Kimber America is renowned for fine firearms with performance to match. Its meticulous 1911s are among the best available today, but the firm didn’t begin with pistols.
The company started in 1979 with rimfire rifles crafted by owner Jack Warne and his son, Greg. Kimber of Oregon, as it was called at the time, was based in Clackamas, Ore. The .22 LR rifles they created quickly gained the attention of enthusiasts and orders piled up. It wasn’t long until the company added a second manufacturing plant to meet that demand.
Then the Warnes decided to enter the centerfire rifle business, which required a significant investment in additional machinery and tooling. The money they raised fell short of the goal and ultimately the attempted introduction of a big-game bolt-action rifle led to financial trouble. The company sold to a new owner in 1989, who also found it impossible to solve the budget issues. The firm later closed, and its assets were sold.
Afterward, Jack Warne established Warne Manufacturing, of scope-mount fame, but he never gave up on firearm design. He found a financial backer and established Kimber of America a few years later.
The company wound up moving to New York, and despite Warne leaving the firm, business continued to flourish. By 2020, orders were once again outpacing plant capacity, and the firm announced a move to a new, state-of-the art facility in Troy, Ala. Today, that 225,000-square-foot factory manufacturers much more than pistols.

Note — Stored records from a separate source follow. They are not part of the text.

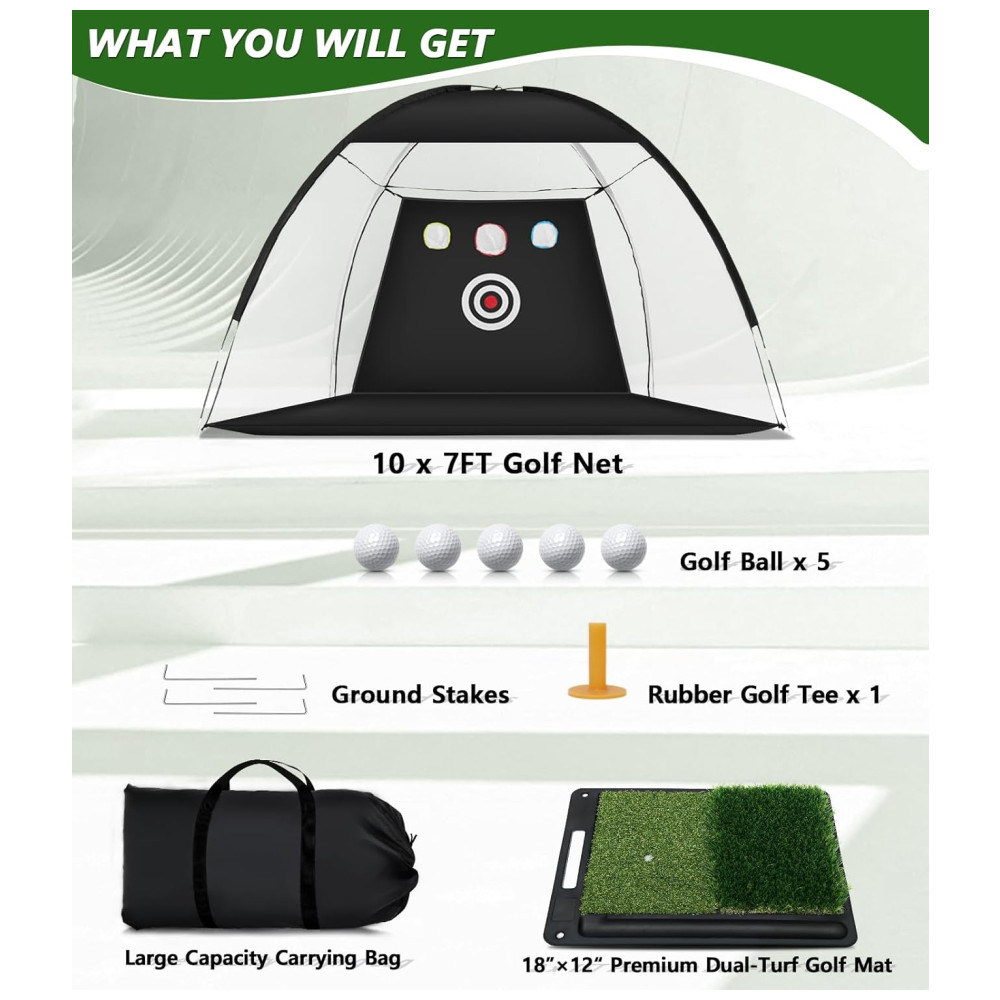 A rede é acompanhada por um tapete de golfe DualTurf com base de borracha resistente de 45,72 cm x 30,48 cm, 5 bolas de golfe, 1 camiseta de borracha, 1 bolsa de transporte de grande capacidade e 4 estacas de solo. A estrutura resistente de fibra de vidro de 0,45 diâmetro protege a rede, permitindo que ela fique firme no chão mesmo em condições de vento.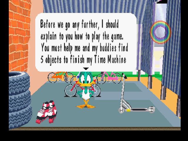 Tiny Toon Adventures: Plucky’s Big Adventure places players in the webbed feet of Plucky Duck as he embarks on a classic point-and-click style adventure. Early on, you’re tasked with collecting the scattered parts of a homemade time machine—masquerading as a bicycle—and solving light inventory-based puzzles to piece it together. The game eases you into its logic systems, ensuring that even younger players can follow along as they click around the colorful environments in search of clues and tools.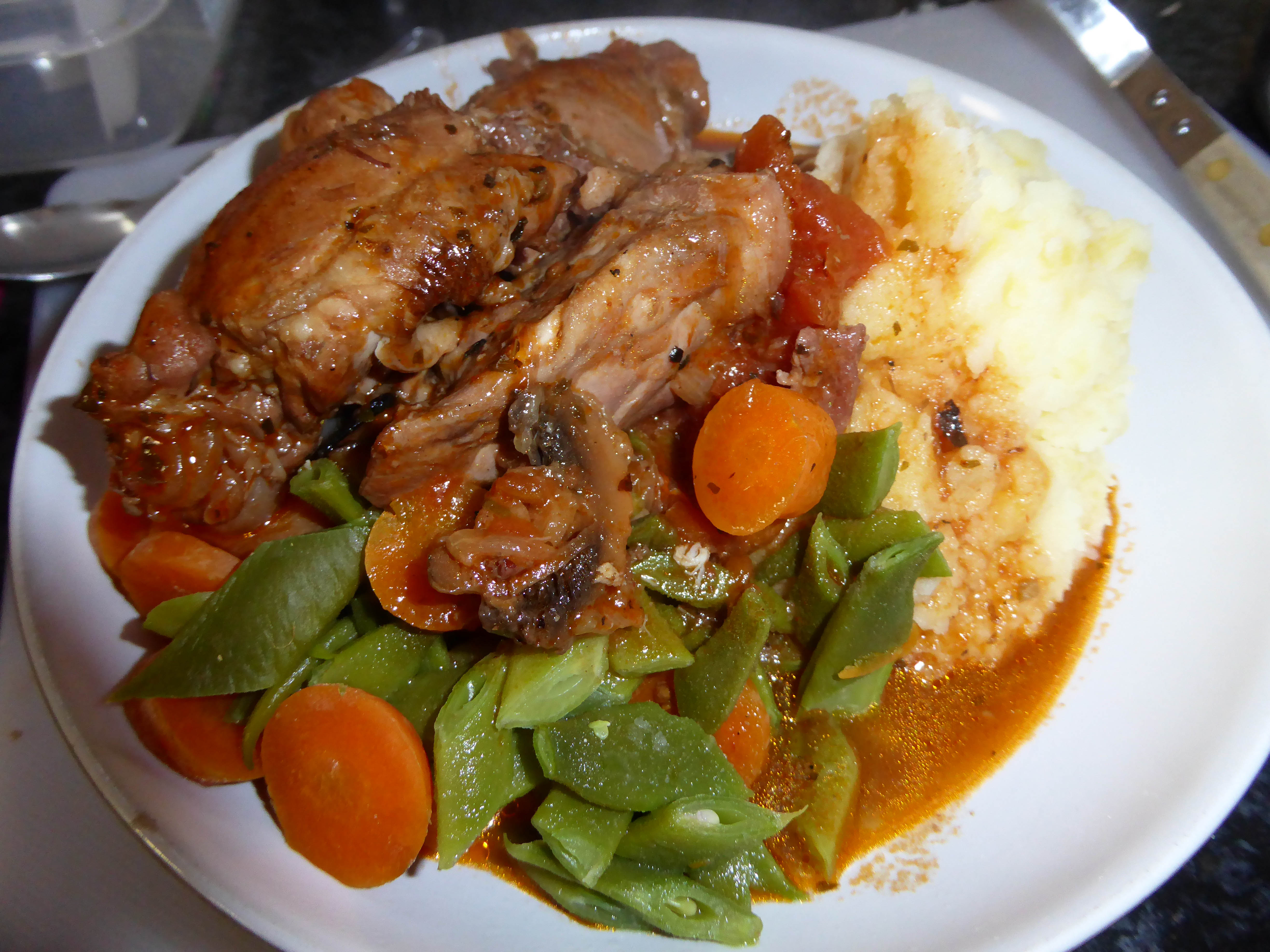 Hubby had been and gone and left just under half a bottle of red. Tempting as it was, I thought of other ways to put the wine to good use. Not least I’d just picked up a very good buy of chicken thighs. So I skinned the thighs and added them to some fried onion, garlic and chopped up bacon, added the wine, a tin of chopped toms, a few mushrooms that were rescued from the fridge and a good sprinkling of oregano, salt, pepper and some water to cover the thighs and let them burble for a bit, about an hour and a half. And during that time I cooked off some potato and swede and mashed it together and cooked some just picked runner beans with a couple of young carrots.

Kimber America produces rifles and pistols used by the USA Shooting Team, LAPD SWAT and even select members of the United States Marine Corps assigned to Central Command. It’s never abandoned those 1911 roots, introducing new models with enviable regularity. This year, for example, the Kimber Rapide Dawn 1911 hit the market.
The company also isn’t shy about exploring new territory. Last year, it introduced its first polymer-framed pistol, the R7 Mako. Kimber America’s 2016 entry into the revolver market with the K6s has been a huge success, and a number of variants are already available, including the K6s DASA 4” Combat reviewed by American Rifleman.